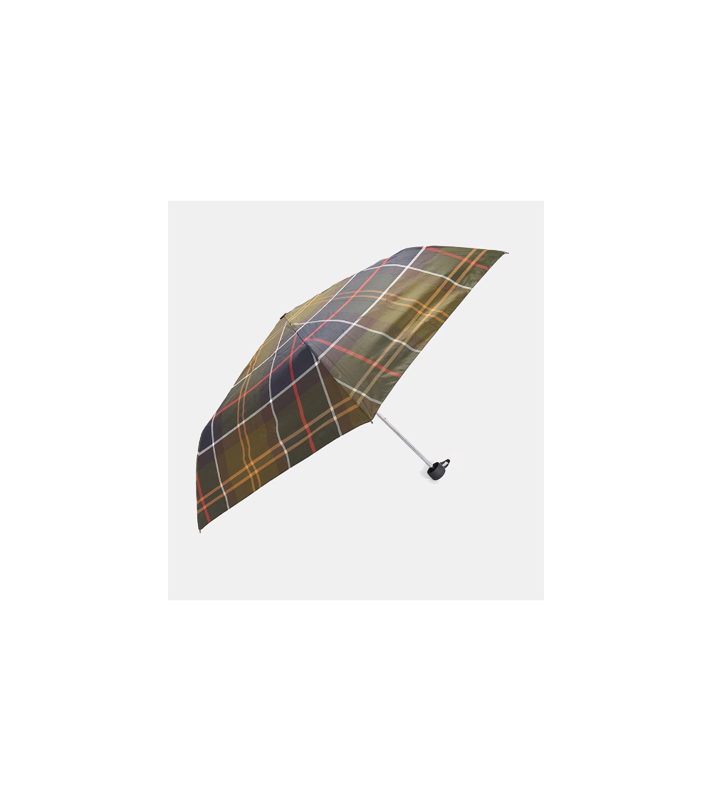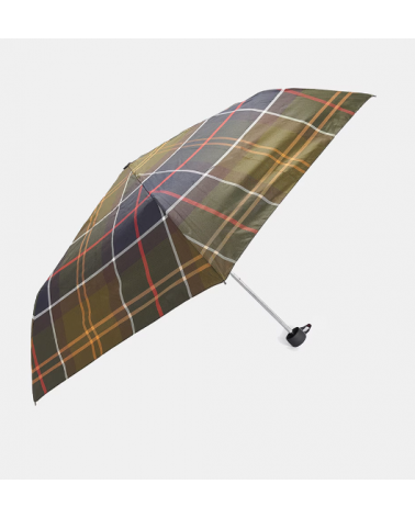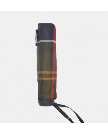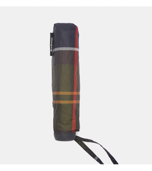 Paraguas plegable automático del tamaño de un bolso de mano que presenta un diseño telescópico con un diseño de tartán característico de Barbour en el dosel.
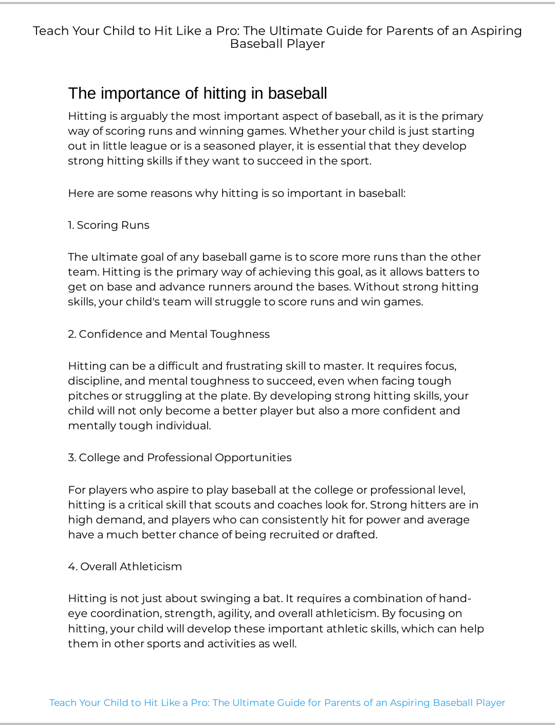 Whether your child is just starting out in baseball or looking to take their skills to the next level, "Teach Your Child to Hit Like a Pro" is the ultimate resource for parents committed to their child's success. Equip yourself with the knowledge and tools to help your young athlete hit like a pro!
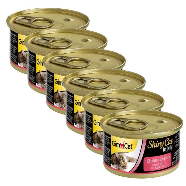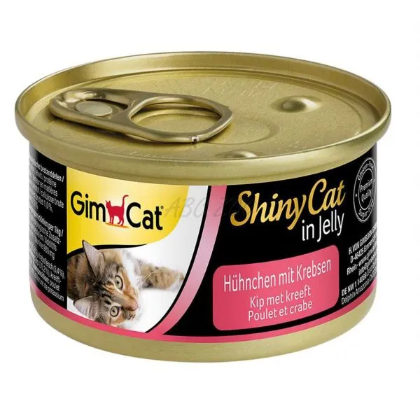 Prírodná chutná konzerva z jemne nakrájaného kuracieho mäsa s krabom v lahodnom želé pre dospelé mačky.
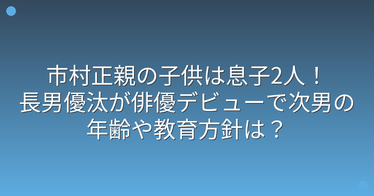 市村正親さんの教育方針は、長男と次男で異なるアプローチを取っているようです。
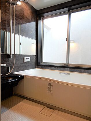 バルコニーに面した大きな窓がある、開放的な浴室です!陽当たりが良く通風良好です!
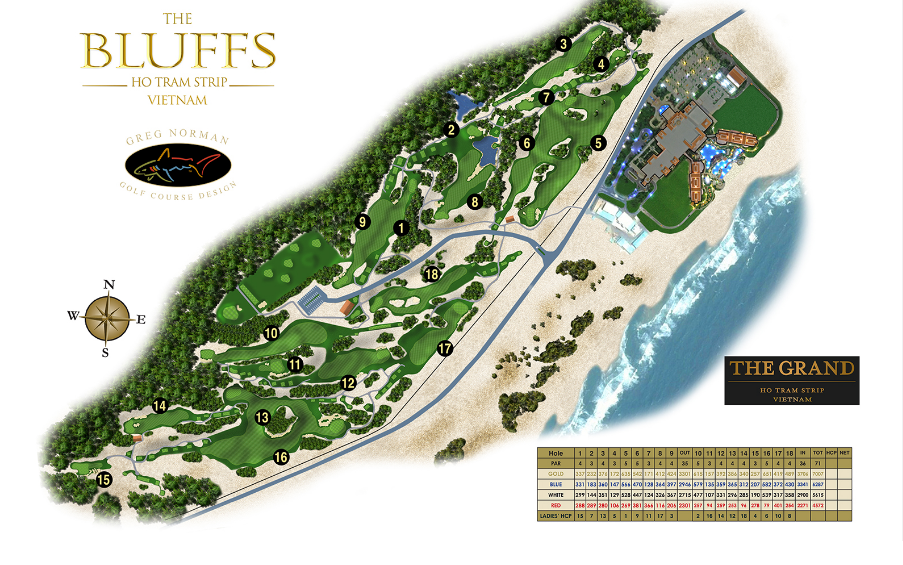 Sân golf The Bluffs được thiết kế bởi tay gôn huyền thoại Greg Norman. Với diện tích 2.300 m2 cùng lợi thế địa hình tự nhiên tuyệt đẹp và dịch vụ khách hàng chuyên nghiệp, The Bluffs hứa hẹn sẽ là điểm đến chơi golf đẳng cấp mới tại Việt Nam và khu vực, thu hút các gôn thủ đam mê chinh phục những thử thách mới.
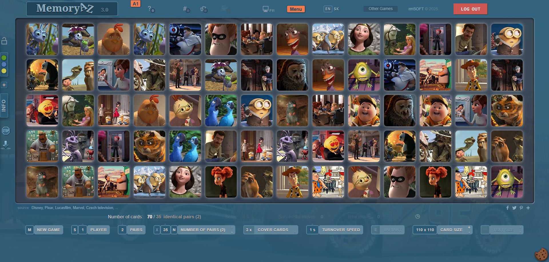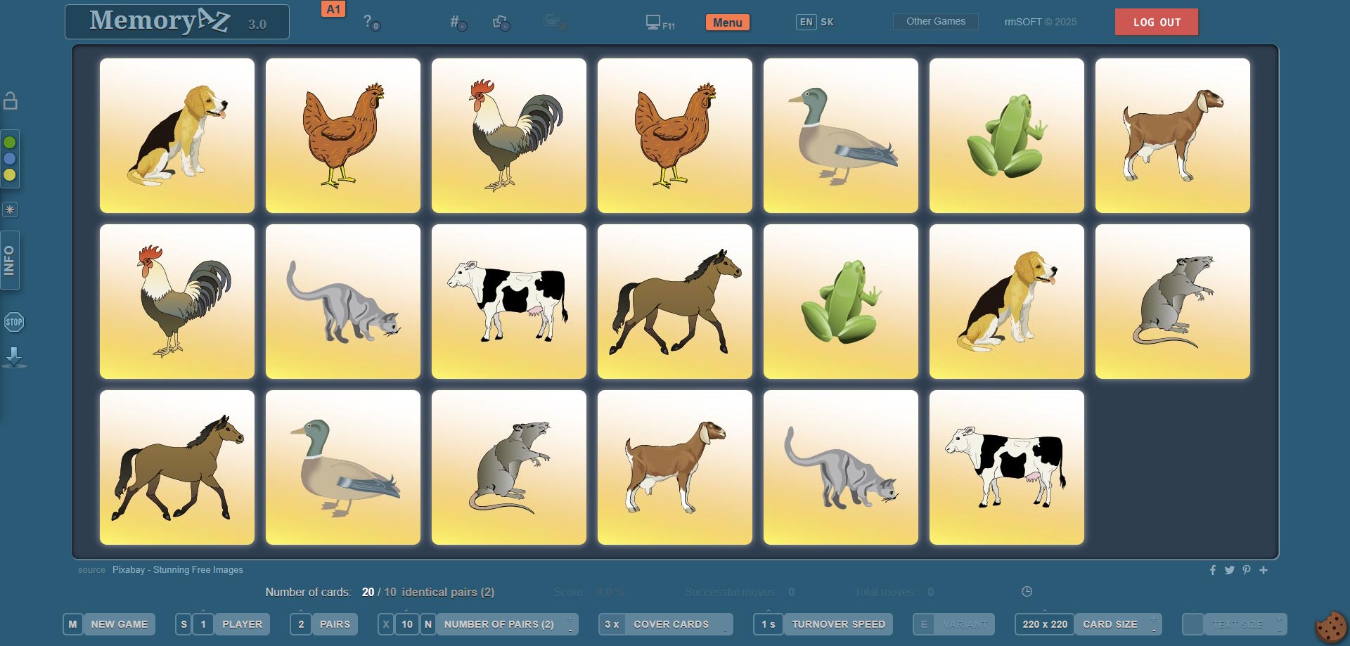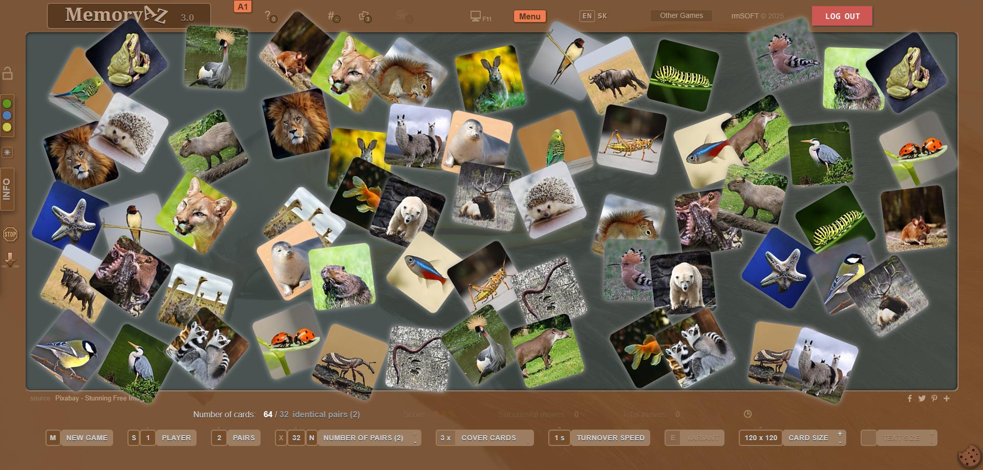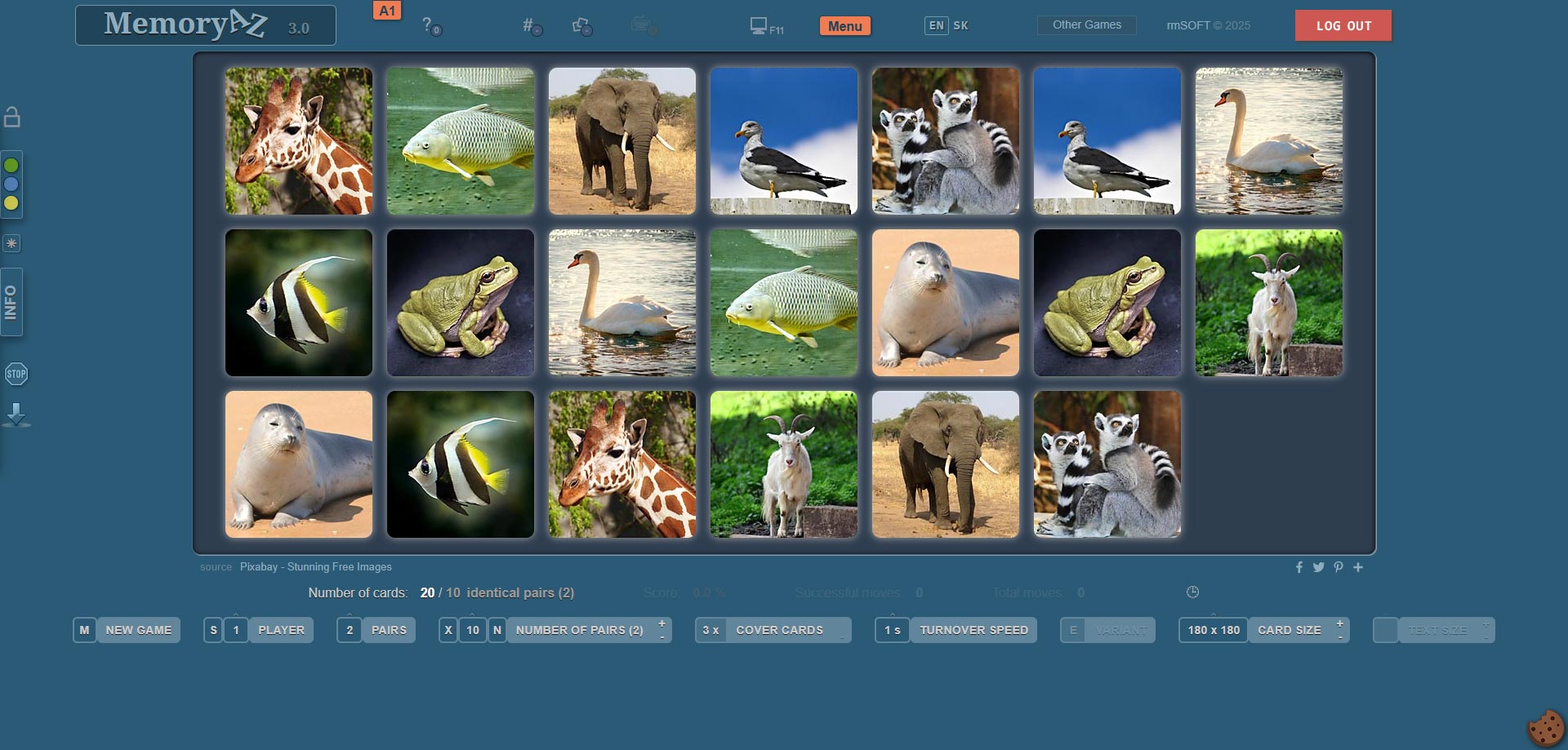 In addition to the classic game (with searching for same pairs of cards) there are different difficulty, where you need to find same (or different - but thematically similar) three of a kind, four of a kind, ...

→ Task description: Each line from the first line of the listing through the line with "バルコニーに面した大きな窓が" must be printed exactly, both ends included, and no picture may appear.

→ Exercise output:
 Paraguas plegable automático del tamaño de un bolso de mano que presenta un diseño telescópico con un diseño de tartán característico de Barbour en el dosel.
 Whether your child is just starting out in baseball or looking to take their skills to the next level, "Teach Your Child to Hit Like a Pro" is the ultimate resource for parents committed to their child's success. Equip yourself with the knowledge and tools to help your young athlete hit like a pro!
 Prírodná chutná konzerva z jemne nakrájaného kuracieho mäsa s krabom v lahodnom želé pre dospelé mačky.
 市村正親さんの教育方針は、長男と次男で異なるアプローチを取っているようです。
 バルコニーに面した大きな窓がある、開放的な浴室です!陽当たりが良く通風良好です!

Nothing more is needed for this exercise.